Conference looks at history of alcohol and drug use
History often teaches lessons that help us understand the present and think about the future. Lessons about alcohol and drug use will be discussed, dissected and debated when the University hosts “Borders, Boundaries and Contexts: Defining Spaces in the History of Alcohol and Drugs” June 18-21.
The conference is the eighth biennial meeting of the Alcohol and Drugs History Society, an international society of scholars working in the field of alcohol and drugs history. BGSU is hosting the event in part because Dr. Scott Martin, chair of the history department, is president and conference program chair.

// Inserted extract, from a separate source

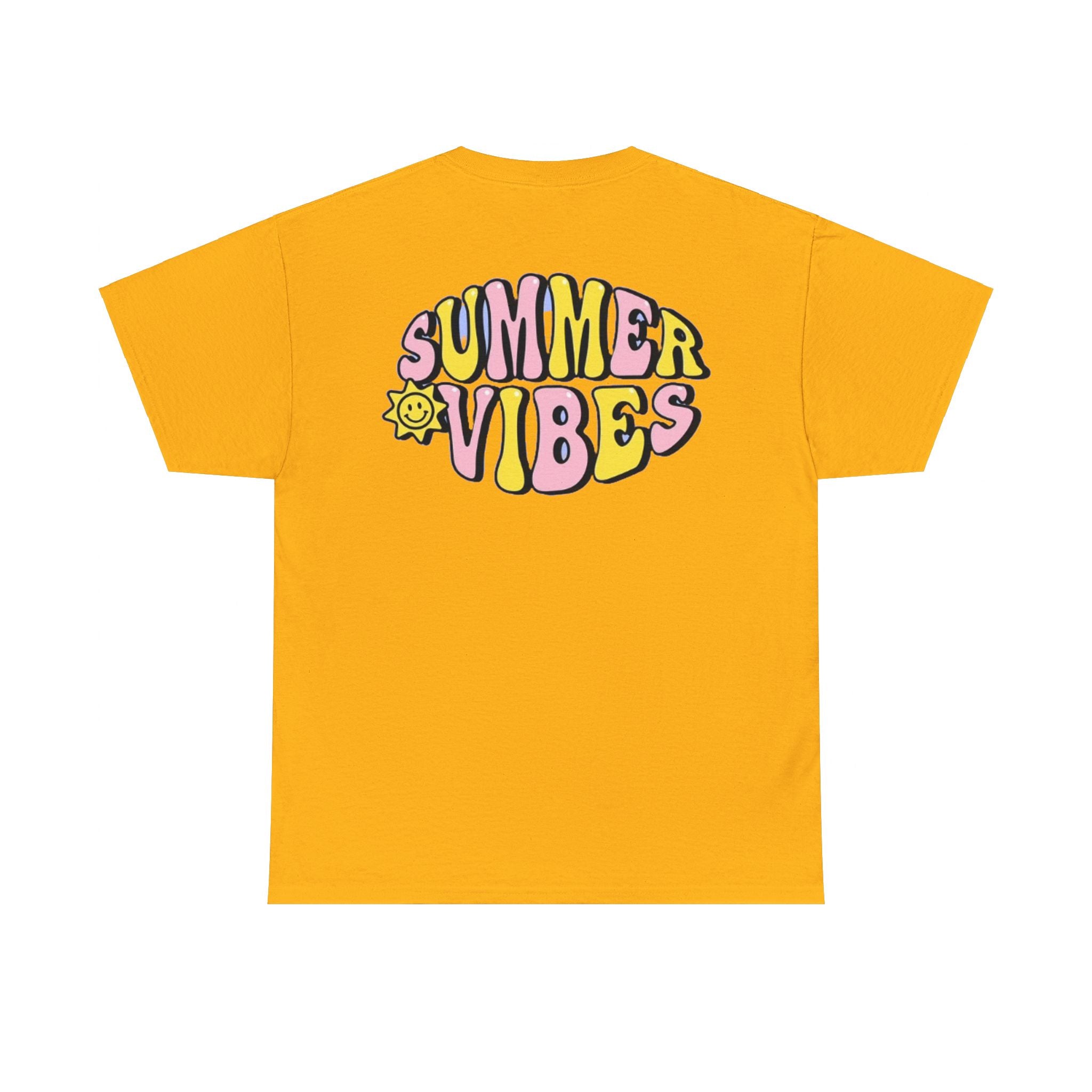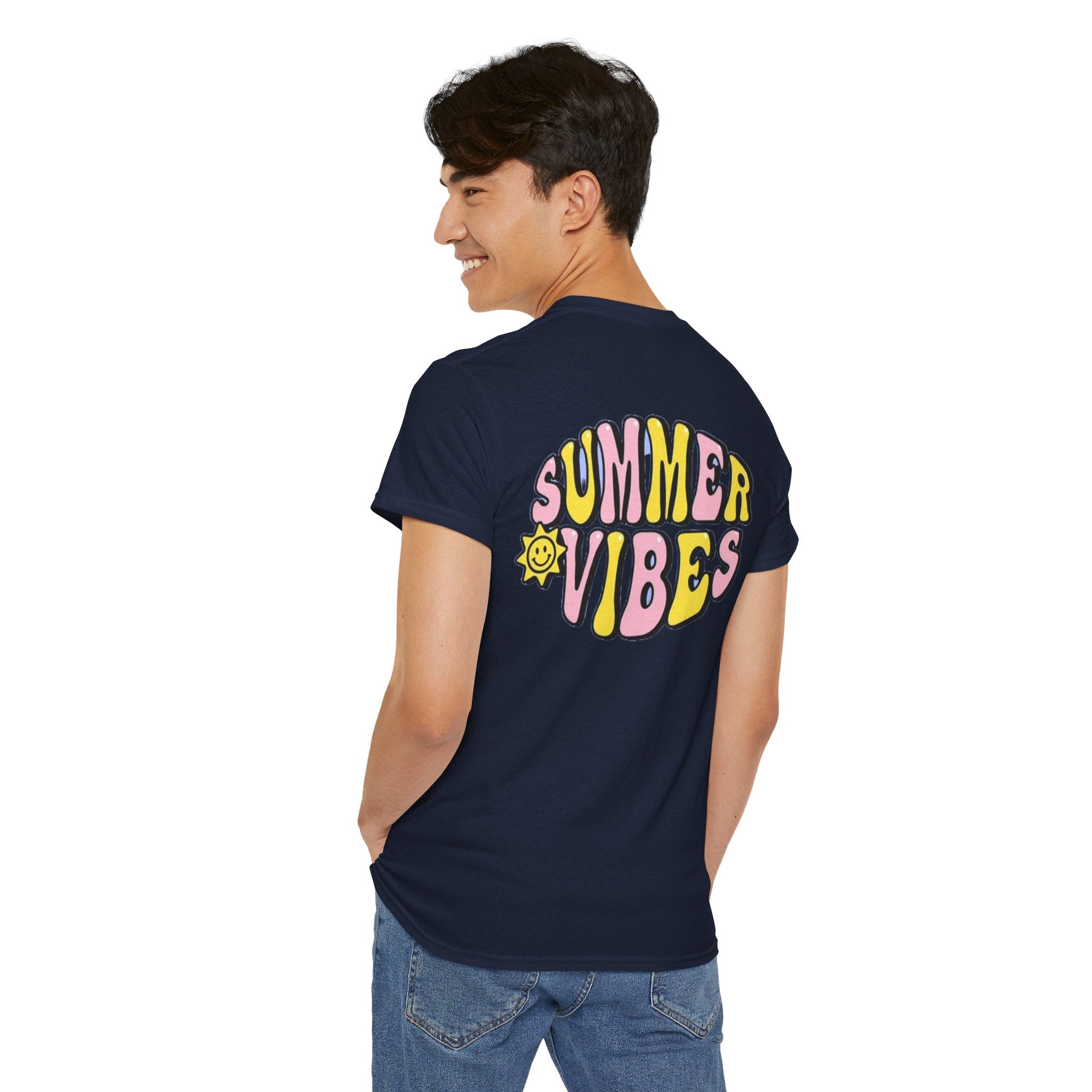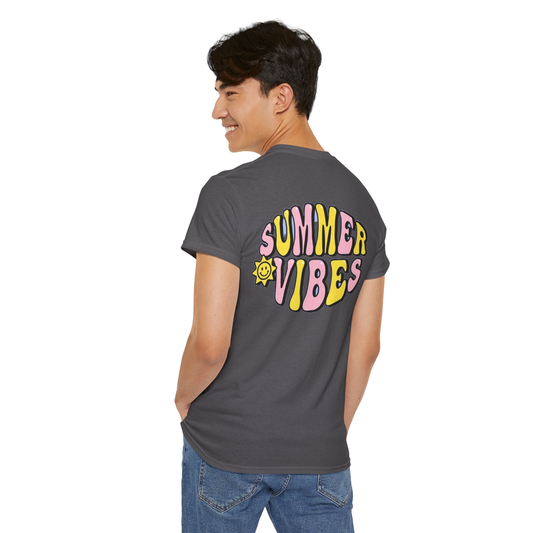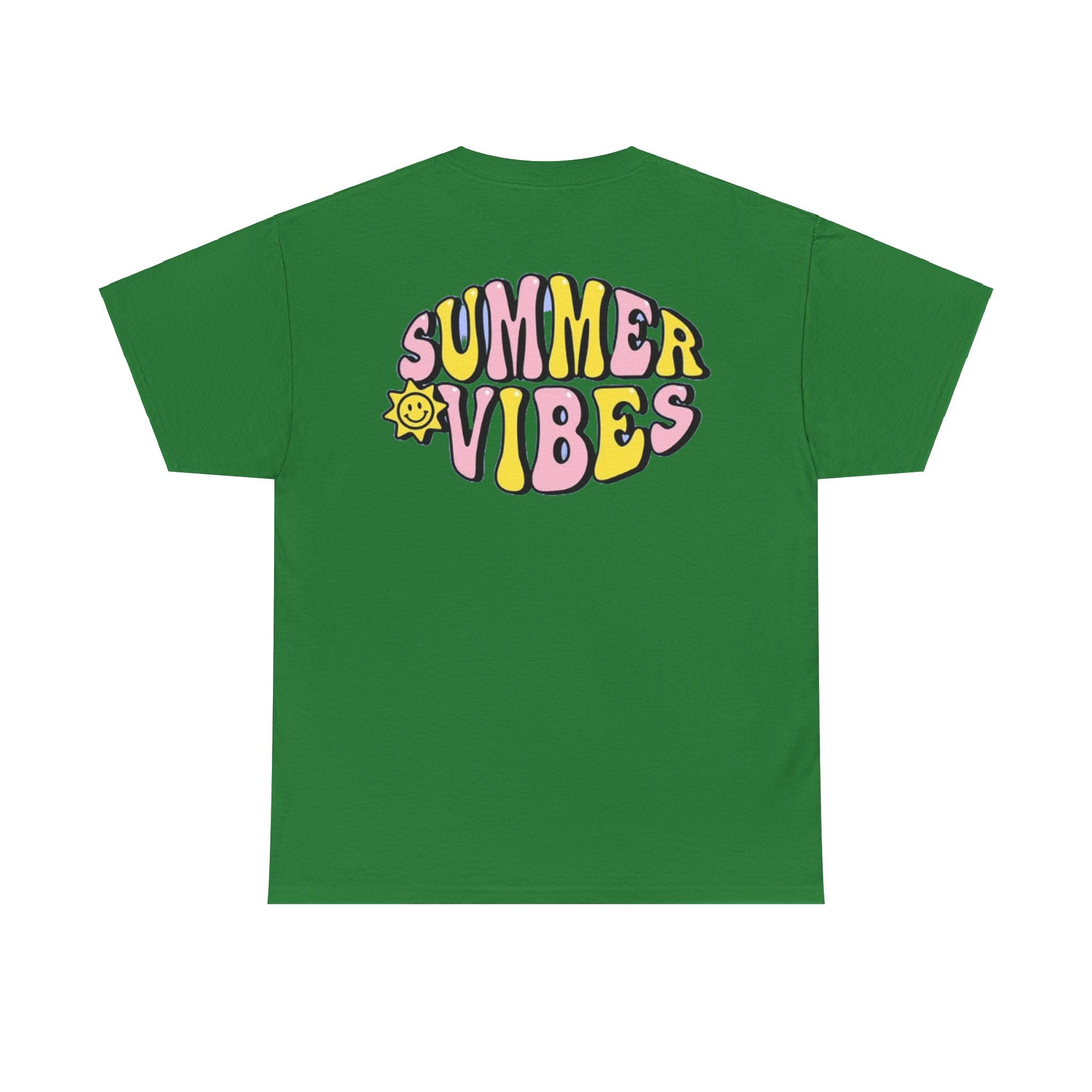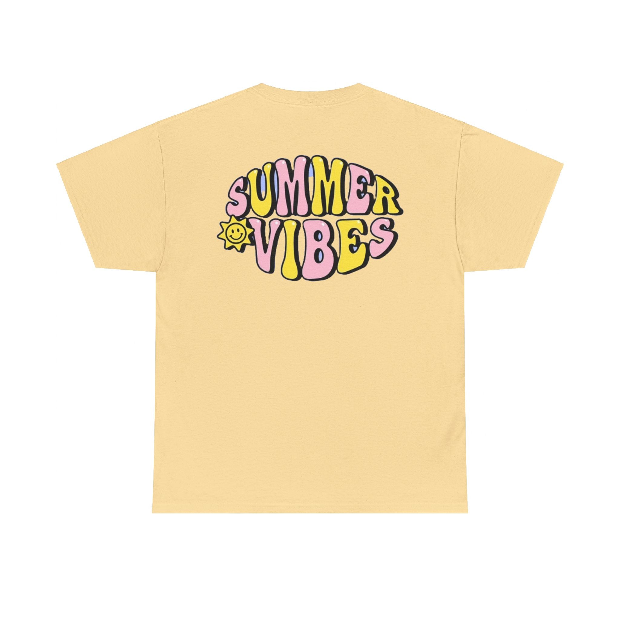 SUMMER VIBES! Hip and comfy casual t-shirt for the beach, boat, sporting event, or just relaxing wherever you are! You can be cool and spread the good vibes with this fun t-shirt! It a relaxed, classic fit designed for comfort and style. It is made from 100% cotton and is both durable and soft. It is unisex so it wears well on anyone and everyone. Let's all Have A Good One! Great vibes, good times, pass it on!

The conference will present the research of scholars from 16 states and 15 countries across North America, Asia, Africa and Europe. Participants will seek to break down barriers in the historical study of drugs and alcohol, and encourage transnational approaches and methodologies that transcend the singular focus of alcohol or drugs.
Topics include national Prohibition in the U.S.; drugs in North American borderlands; the evolution of concepts of addiction, alcohol and drugs policy in colonial contexts; and the national and international histories of regulating alcohol, coca, opium and psychedelic drugs.
The opening session on June 18 will discuss “The Heroin/Opioid Epidemic in Northwest Ohio.” The panel discussion, from 7-9 p.m. in 201A Bowen-Thompson Student Union on BGSU’s campus, is free and open to the public. Panel participants include Dr. Andrew Kolodny, chief medical officer for Phoenix House Foundation in New York and executive director of Physicians for Responsible Opioid Prescription; Dr. Caroline Acker of Carnegie Mellon University; Keith Burris, Toledo Blade columnist; and Sheriff John Tharp of the Lucas County Sheriff’s Office. Amy O’Grady, director of Criminal Justice Initiatives for the Ohio Attorney General’s Office, will present opening remarks.